UK-based American comedian and actor

Reginald Darnell Hunter (born March 26, 1969) is an American stand-up comedian based in the United Kingdom.

==Early life==
Reginald Darnell Hunter was born on March 26, 1969, in Albany, Georgia, the youngest of nine.

He undertook an acting internship in Jackson, Mississippi, at age 20.

==Career==
===Stand-up===

Having initially travelled to the UK at the age of 27 as a summer student at the Royal Academy of Dramatic Art, Hunter became a comedian after performing his first comedy set as a dare, for which he received £100. Realising that he enjoyed performing comedy, and that it might be profitable, he turned his attention from acting to stand-up.

In 2006 and 2008, Hunter participated in Project X Presents events. In 2013 he toured Ireland with his show In the Midst of Crackers.

Hunter often uses variations of the term "nigga" in the titles of his shows. In 2006, Reginald D Hunter: Pride & Prejudice... & Niggas attracted some controversy, and the poster was banned from the London Underground. His tour with Steve Hughes, called Trophy Nigga, played 55 venues around the UK, but not all the venues used the tour title. Hunter joked that this was because promoters didn't like the word "trophy".

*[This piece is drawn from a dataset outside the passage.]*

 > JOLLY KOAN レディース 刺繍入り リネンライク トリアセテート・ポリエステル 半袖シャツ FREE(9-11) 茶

In April 2013, Hunter performed at an engagement for the Professional Footballers' Association. Following the event, PFA chairman Clarke Carlisle accused Hunter of racism, as he had used the word "nigger" during his set. Carlisle also said that some of those present had found Hunter's material "highly offensive". In response, Hunter posted to his Facebook page many photos of himself taken after his set with people attending the event, with most smiling.

Reviewing Hunter's 2024 stand-up tour in The Standard, Bruce Dessau wrote that Hunter "moves elegantly from big topic to big topic, concisely skewering each subject", describing him as "a truly talented comedian". Writing in the Edinburgh Evening News, Kevin Quinn described Hunter in his most recent performances as "still not for the faint-hearted and easily offended," commenting that "he does seem a lot more reflective in middle-age".

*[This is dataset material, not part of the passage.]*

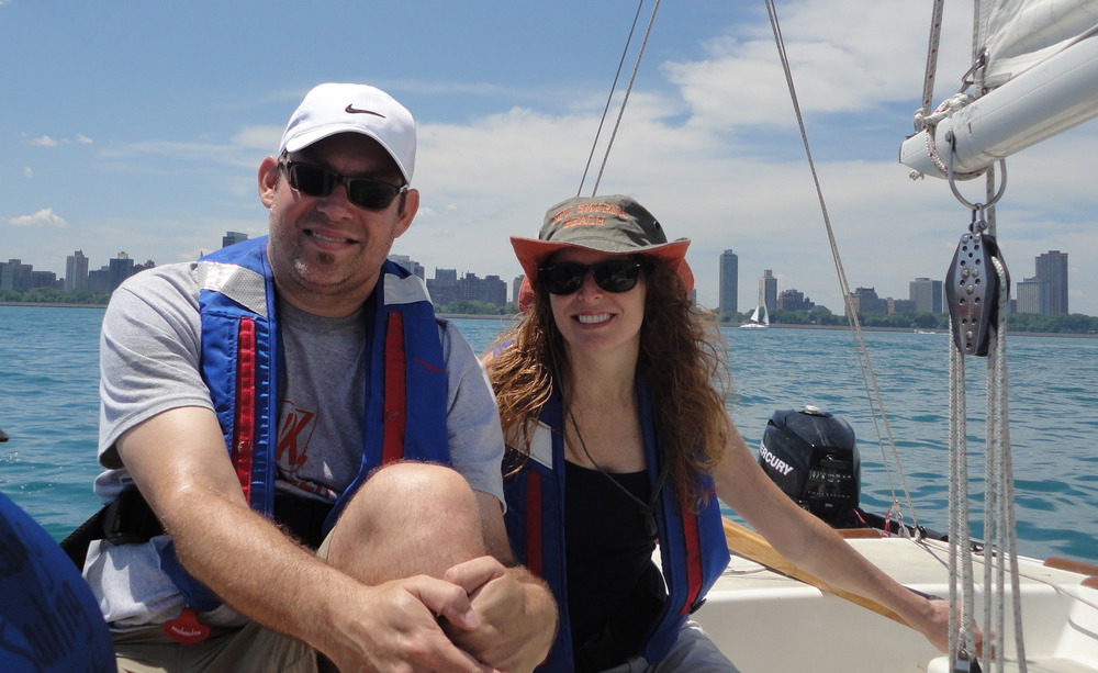 Jennifer skippering a refresher sail on a J22 on Lake Michigan along the Chicago skyline eight weeks before leaving for our trip. Click on the image to see the pics from that day.

====Edinburgh Fringe 2024 incident====
In August 2024, during the Gaza war, Hunter made a joke referencing a Channel 5 documentary about domestic abuse, telling the audience: "When I saw that, I thought, my God, it’s like being married to Israel." During the performance, a British-Israeli couple in the front row objected to the joke, telling Hunter it was "not funny", after which they were booed by fellow audience members, some of whom shouted, "You're not welcome". The couple then left.

After his performance, Hunter referenced a review of one of his shows in The Jewish Chronicle which was behind a paywall, saying, "Typical fucking Jews, they won’t tell you anything unless you subscribe. It's just a joke". Campaign Against Antisemitism (CAA) criticised the joke, and mentioned previous jokes that Hunter had made about the Holocaust. The East Renfrewshire Culture and Leisure organisation said it had cancelled a planned show at the Eastwood Theatre in Giffnock because of "a commitment to our community, and to our values of diversity and inclusion".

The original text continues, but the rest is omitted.